As the New York Times tells it, supply chains are changing (New Hubs Arise to Serve ‘Just in Case’ Distribution, Feb 12).
Major storms like Hurricane Sandy and other unexpected events have prompted some companies to modify the popular just-in-time style of doing business, in which only small amounts of inventory are kept on hand, to fashion what is known as just-in-case management. …
Just-in-case is a response to the vulnerability of just-in-time supply chains, said Rene Circ, CoStar’s director of industrial research. Since the 1990s, just-in-time has made sense for many companies looking to reduce the cost of keeping large inventories on hand. Technology enabled retailers and manufacturers to closely track and ship items to replace merchandise sold or components consumed in production.
This model also reduced transportation costs, because goods would be shipped only as necessary. By combining the just-in-case with just-in-time strategy, Mr. Circ said, companies are trying to strike a balance between “carrying the minimum inventory possible, yet never running out of things, because inventory equals cost.”

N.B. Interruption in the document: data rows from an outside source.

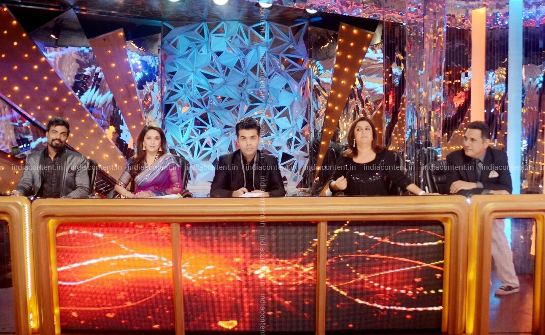 MUMBAI INDIA - AUGUST 09 Judges Remo Dsouza Madhuri Dikshit and Karan Johar with Farah Khan and Boman Irani on the sets of dance show Jhalak Dikhla Jaa in Mumbai on August 9 2012 . Photo by Yogen Shah India Today Group Remo DsouzaMadhuri DikshitKaran JoharFarah KhanBoman Irani
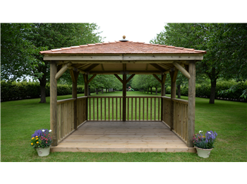 Timber Roofed Gazebos: Our standard timber roofed options provide a robust and aesthetically pleasing structure, perfect for any outdoor setting.
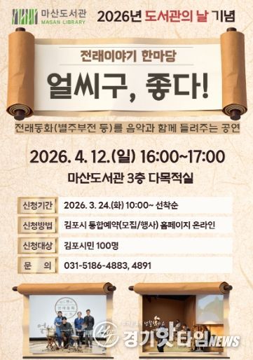 [경기핫타임뉴스=김형철 기자] 김포시 마산도서관은 제4회 도서관의 날을 맞아 오는 4월 12일 오후 4시부터 5시까지 마산도서관 3층 다목적실에서 전래이야기 한마당 '얼씨구, 좋다!'를 운영한다.
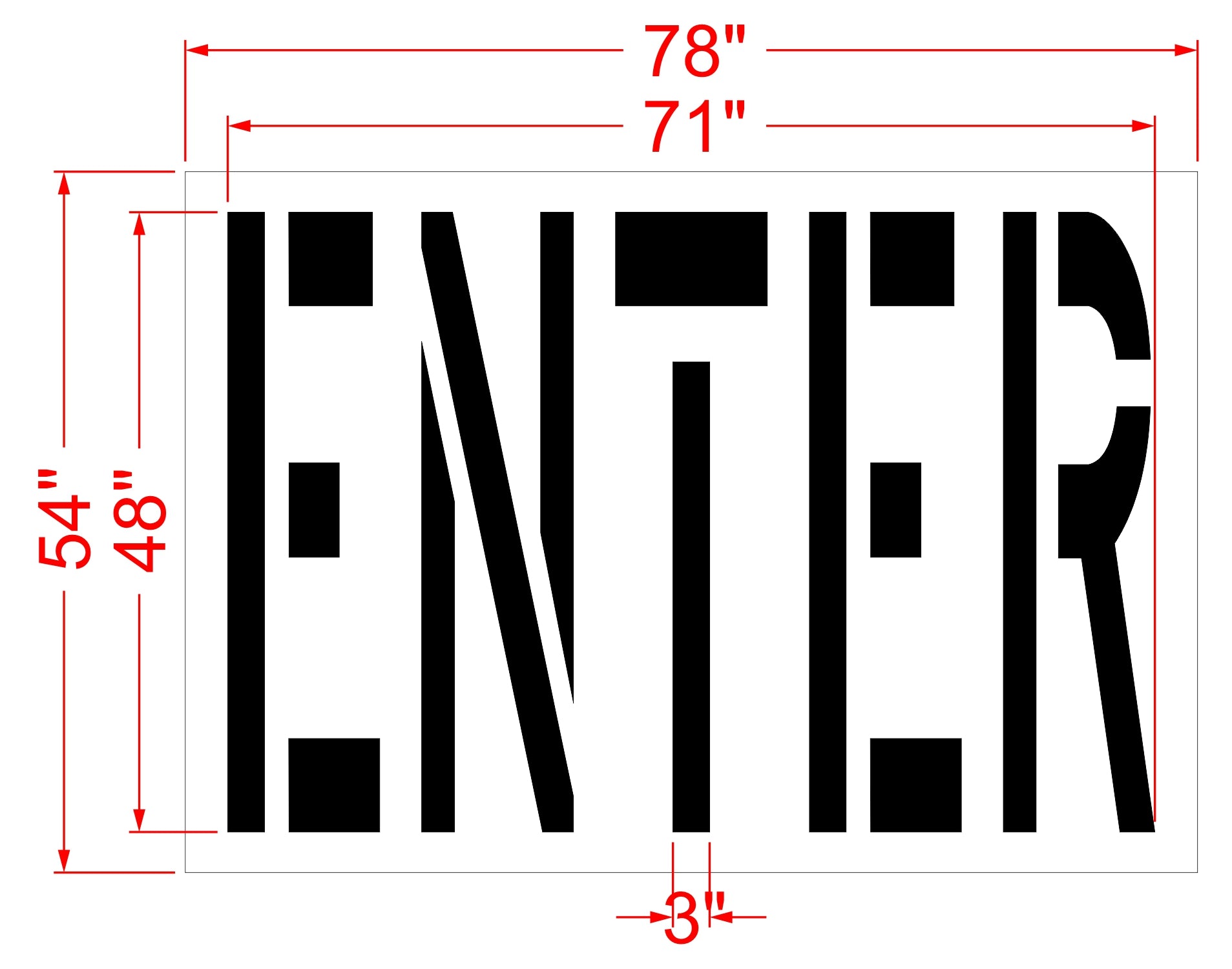 This 48 inch 7Brew "ENTER" Stencil is designed to be used on flat surfaces such as a parking lot or on a sign to make the area safer for both pedestrians and drivers. The materials we use at 1-800 Stencil are Substantial and Eco-friendly. All 1-800-Stencil’s are professional quality and made from either Light or Pro-Grade LDPE, Aluminum, or optional UHMW plastic to all last for years of professional use.
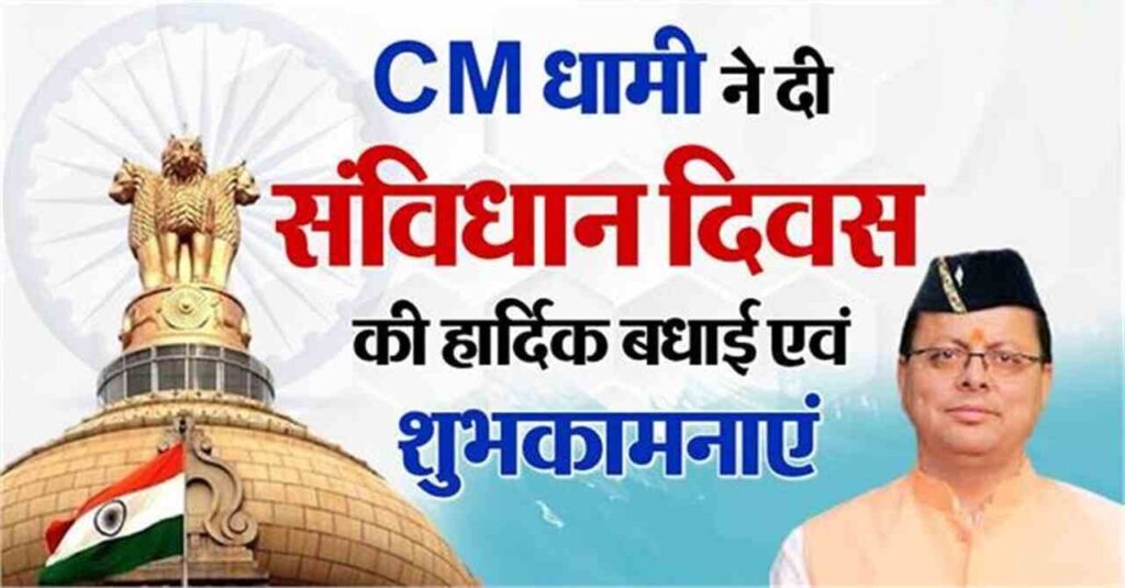 देहरादूनः आज यानी 26 नवंबर को पूरा देश संविधान दिवस मना रहा है। भारत में प्रत्येक वर्ष आज के दिन को संविधान दिवस के रूप में मनाया जाता है। वहीं, इस मौके पर उत्तराखंड के मुख्यमंत्री पुष्कर सिंह धामी ने प्रदेशवासियों को हार्दिक बधाई एवं शुभकामनाएं दी हैं।
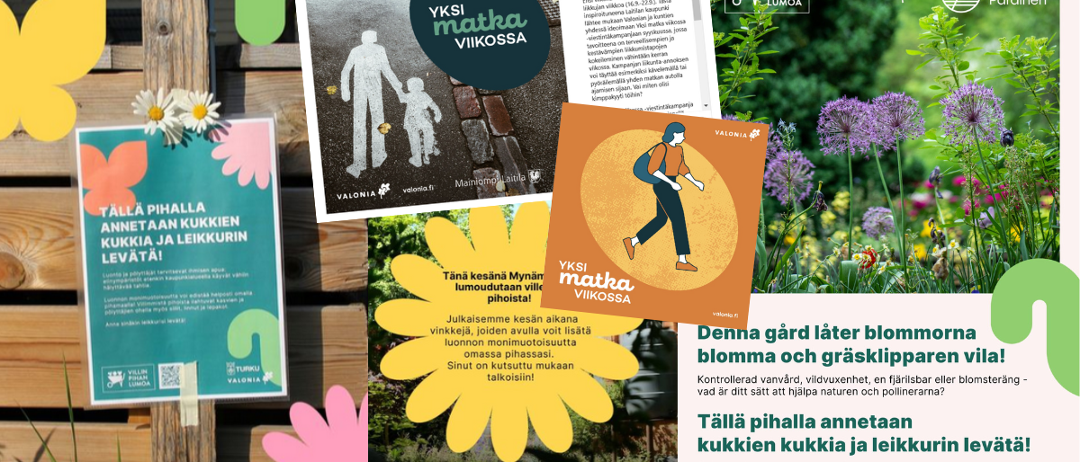 Jatkoimme myös työtämme kuntien ilmasto- ja luontoviestinnän kumppanina. Järjestimme keväällä työpajan, jossa yhdessä kuntien asiantuntijoiden ja viestijöiden kanssa ideoimme viestintäkampanja-aihioita kuntien ilmastoviestintään ja asukkaiden ilmastotoimien tueksi. Kaksi eniten kannatusta saanutta ideaa eteni jatkokehitykseen. Kesällä pääsimmekin käynnistämään Villin pihan lumoa -kampanjan, ja Liikkujan viikolla syyskuussa päivänvalon näki kestävään arkiliikkumiseen kannustava Yksi matka viikossa -kampanja. Kampanjoita toteuttamaan lähti kaikkiaan yhdeksän eri kuntaa. Kampanjat jatkuvat vuonna 2025 ja mukaan ovat tervetulleita muutkin kunnat!
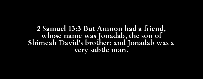 2 Samuel 13:3 But Amnon had a friend, whose name was Jonadab, the son of Shimeah David's brother: and Jonadab was a very subtle man.
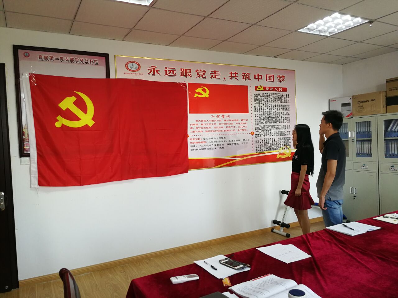 在雄壮的《国歌》声中,宣誓仪式落下帷幕。支部全体党员和两名入党积极分子参加了活动。
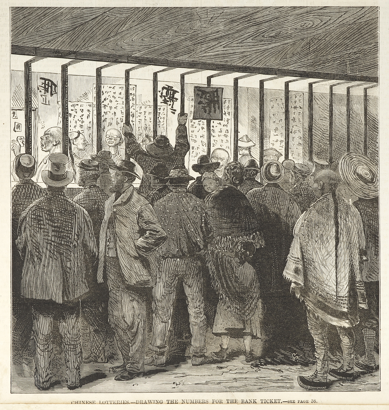 Rare engraving of Chinese conducting a lottery in Melbourne. From the original edition of the Illustrated Australian News.

I’ve been trying to think what I should say about this article for several weeks. I have felt conflicted because, on the one hand, it hits on some interesting points. On the other hand, it also leads with one of my pet peeves of business reporting. Specifically, it links any change in inventory management to some failure of just-in-time management. However, I am not convinced that is actually a good description of what is going on here.